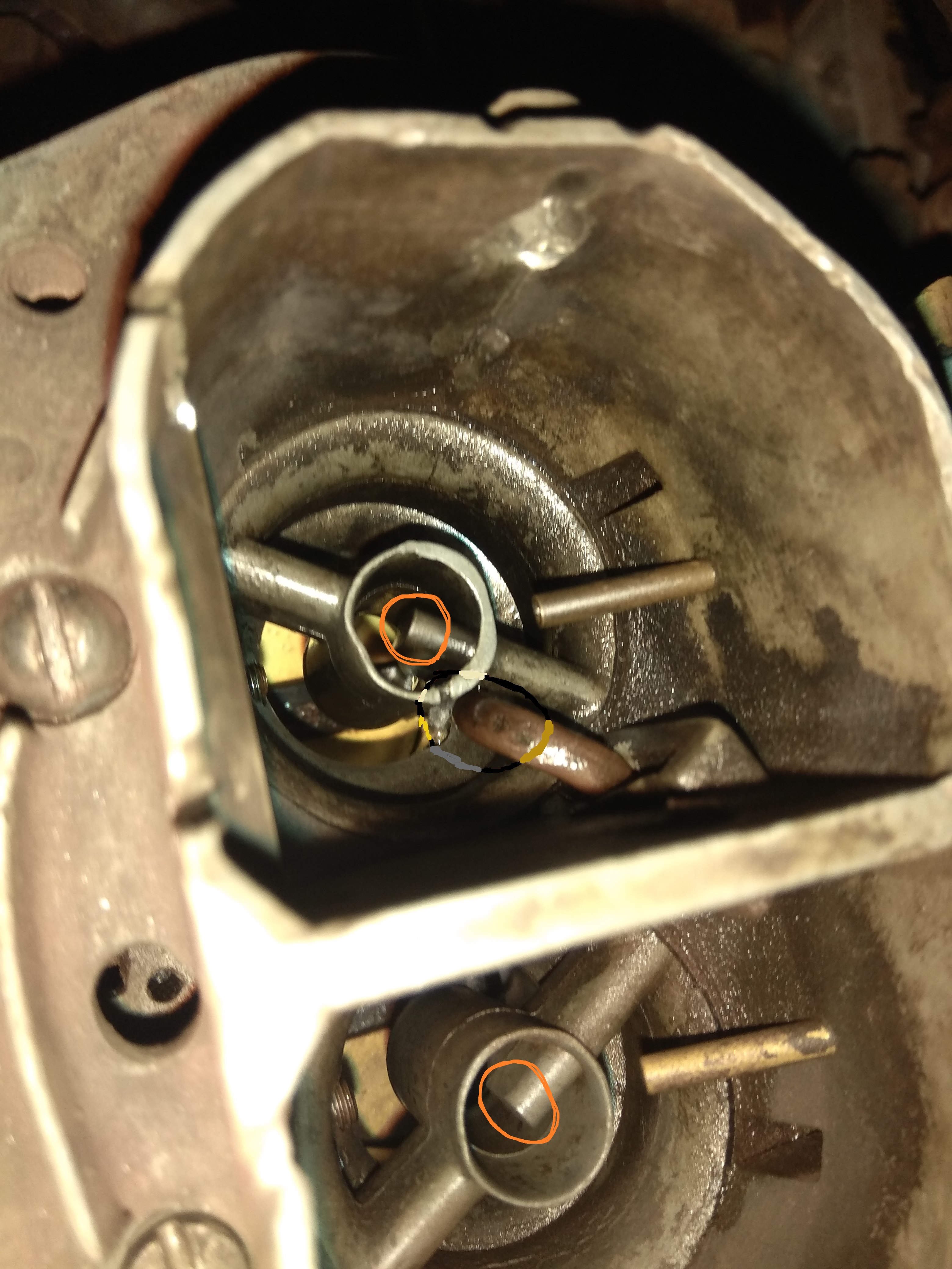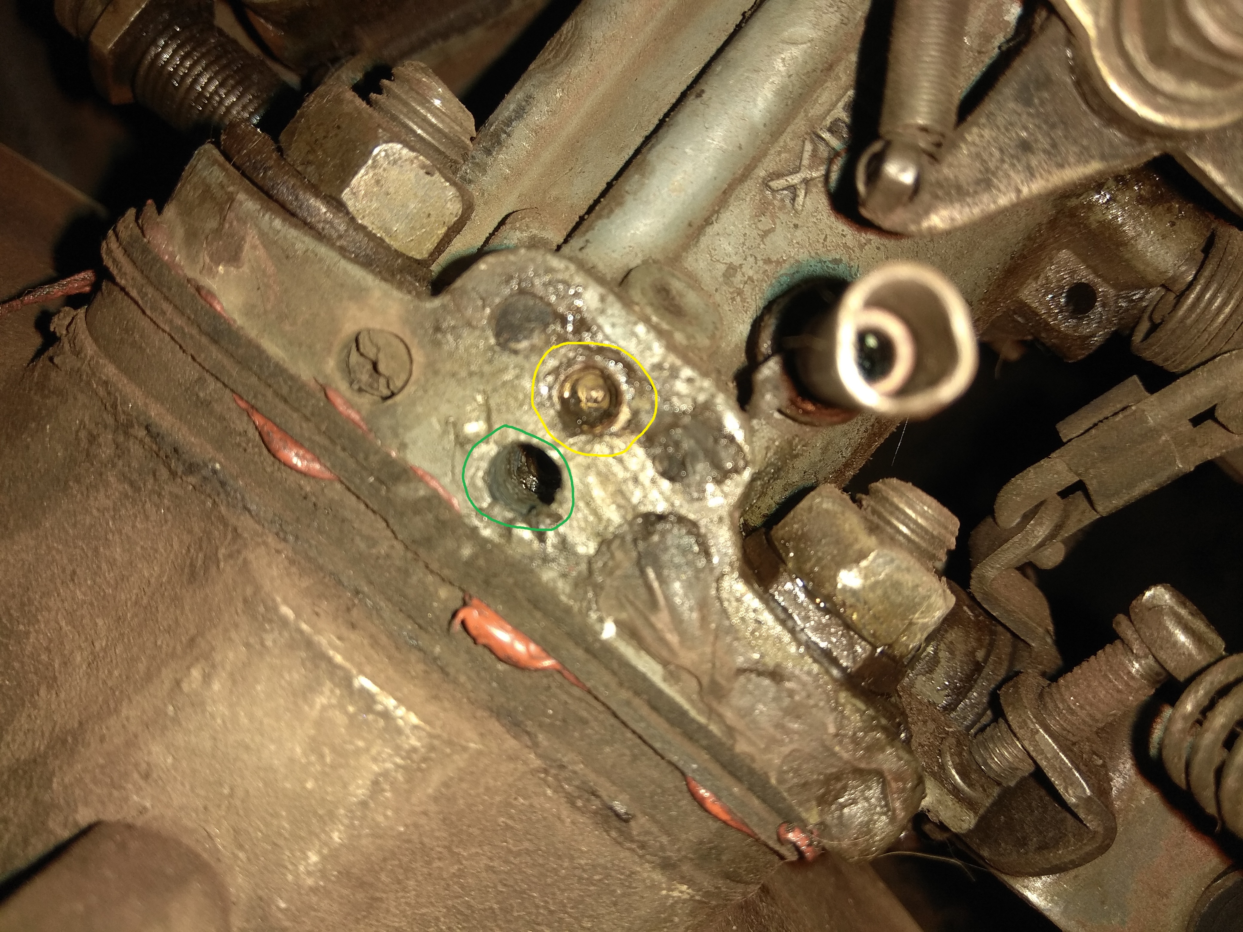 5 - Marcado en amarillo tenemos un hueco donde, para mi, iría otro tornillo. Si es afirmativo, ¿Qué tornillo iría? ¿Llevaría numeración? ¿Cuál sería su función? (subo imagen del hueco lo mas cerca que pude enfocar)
--- --- ---
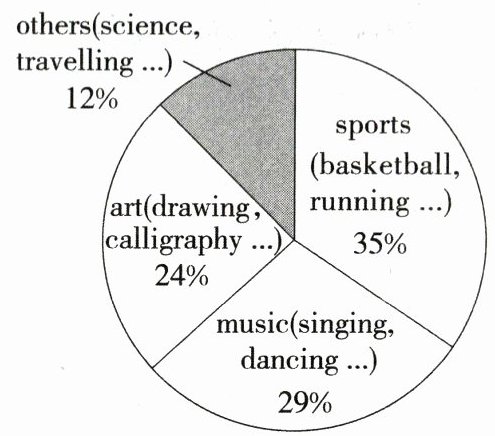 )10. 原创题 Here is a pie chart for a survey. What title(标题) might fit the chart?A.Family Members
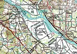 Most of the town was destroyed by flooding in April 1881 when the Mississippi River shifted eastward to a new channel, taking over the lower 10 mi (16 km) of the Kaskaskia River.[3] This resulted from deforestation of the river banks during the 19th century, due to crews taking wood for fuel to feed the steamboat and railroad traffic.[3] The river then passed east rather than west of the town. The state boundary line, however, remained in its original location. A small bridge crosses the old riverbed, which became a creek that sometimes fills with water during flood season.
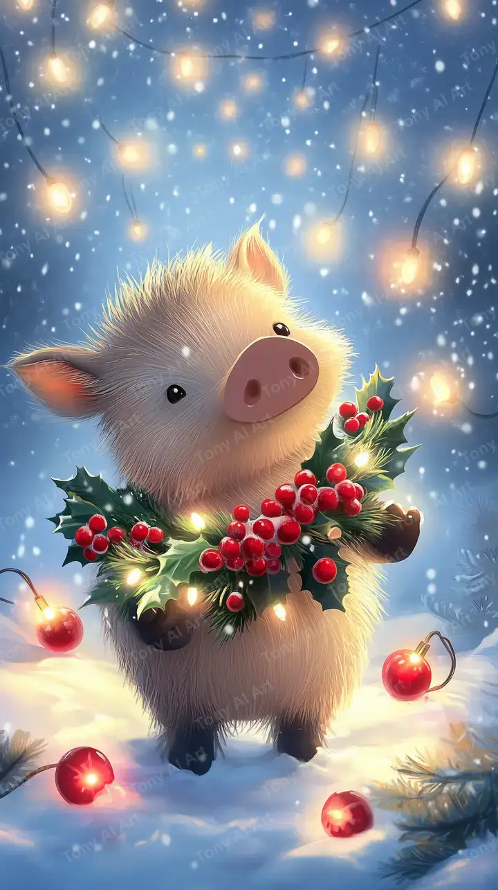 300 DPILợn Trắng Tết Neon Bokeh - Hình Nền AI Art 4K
--- --- ---
REQUIREMENT
Copy word for word only the lines above from the one with "the chart?A.Family Members" through the one with "300 DPILợn Trắng". Leave pictures out.

TASK OUTPUT
 )10. 原创题 Here is a pie chart for a survey. What title(标题) might fit the chart?A.Family Members
 Most of the town was destroyed by flooding in April 1881 when the Mississippi River shifted eastward to a new channel, taking over the lower 10 mi (16 km) of the Kaskaskia River.[3] This resulted from deforestation of the river banks during the 19th century, due to crews taking wood for fuel to feed the steamboat and railroad traffic.[3] The river then passed east rather than west of the town. The state boundary line, however, remained in its original location. A small bridge crosses the old riverbed, which became a creek that sometimes fills with water during flood season.
 300 DPILợn Trắng Tết Neon Bokeh - Hình Nền AI Art 4K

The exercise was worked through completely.